Sommer ved Kysten, Kragero

Details
Edvard Munch (1863-1944)
Sommer ved Kysten, Kragero
signed 'E Munch 1911' (lower right)
oil on canvas
43 5/8 x 47¼ in. (111 x 120 cm.)
Painted in Kragerø in 1911
Provenance
Edvard Munch until 1932.
Leif Høegh, Oslo (circa 1963).
Private Collection, Scandinavia, purchased by the father of the present owner.
Literature
Engelstad, Shlytter and Woxholth, Norwegian estates, vol. II, Oslo, 1963 (illustrated p. 120).
A. Eggum, Edvard Munch Norsk Kunstnerleksikon, vol. I-IV, Oslo, 1982-86, pp. 979-995.
Exhibited
Zurich, Kunsthaus Zurich, Edvard Munch Paul Gauguin, 1932, no. 15. Kragerø, Meierigarden, Munch i Kragerø, 1998.
Special notice
VAT rate of 5% is payable on hammer price plus buyer's premium.
Sale room notice
The Munch Museum has kindly confirmed the authenticity of this work and will shortly be issuing a certificate for the painting.

Lot Essay

In 1912 Munch's position as a radical, avant-garde colourist was secured when he was invited by the organisers of the Cologne "Sonderbundaustellung" to exhibite ? pictures at their show. The exhibition remains the most important single show of Expressionist paintings ever staged and Munch, who was given his own room in recognition of his contribution to the avant-garde movement in Europe was signalled as the father-figure of 20th Century expressive classism.
With its loose dynamic brushwork the present painting relates very closely to the Morizburg paintings of S. Rottluff and his Brücke contemporaries. Within it, however, runs a strand of classicism which signals Munch's basic differences to the radical young turks of Die Brücke. Technically and compositionally the present work has the control and mannerisms of Cézanne's L'Estaque paintings (Fig. 1).

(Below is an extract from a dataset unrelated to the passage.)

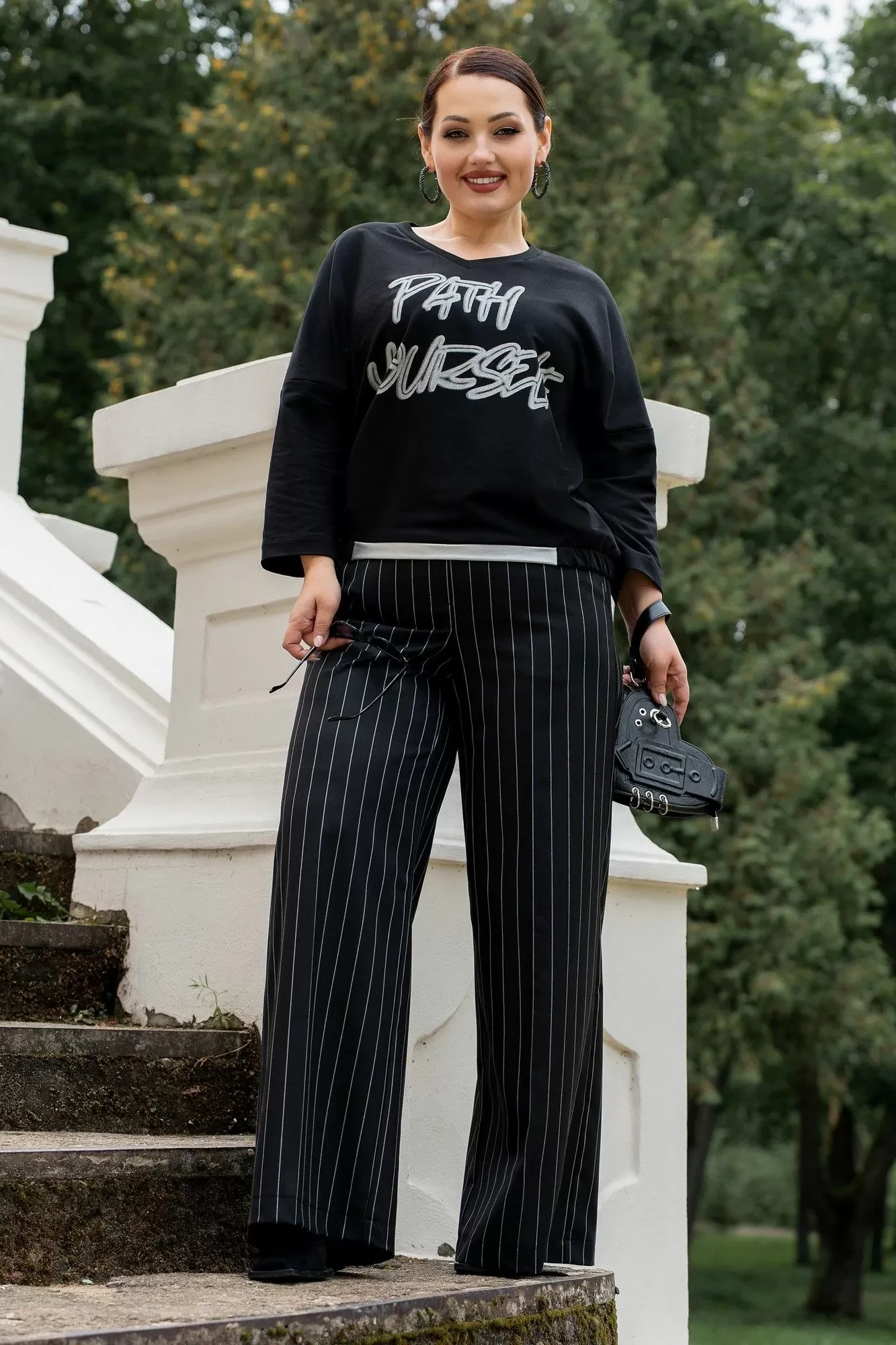 Брючный костюм ADARIN А37 черный-серебро/полоска

Like many works executed in Kragerøo where Munch was at his happiest, the present painting was not sold by Munch until 1932 when it was acquired by the Norwegian ship-owner, Leif Hoegh. Aside from a single exhibition at the Zurich Kunsthaus in 1932, when it was presumably lent by the artist, the painting was not shown publicly for over sixty years.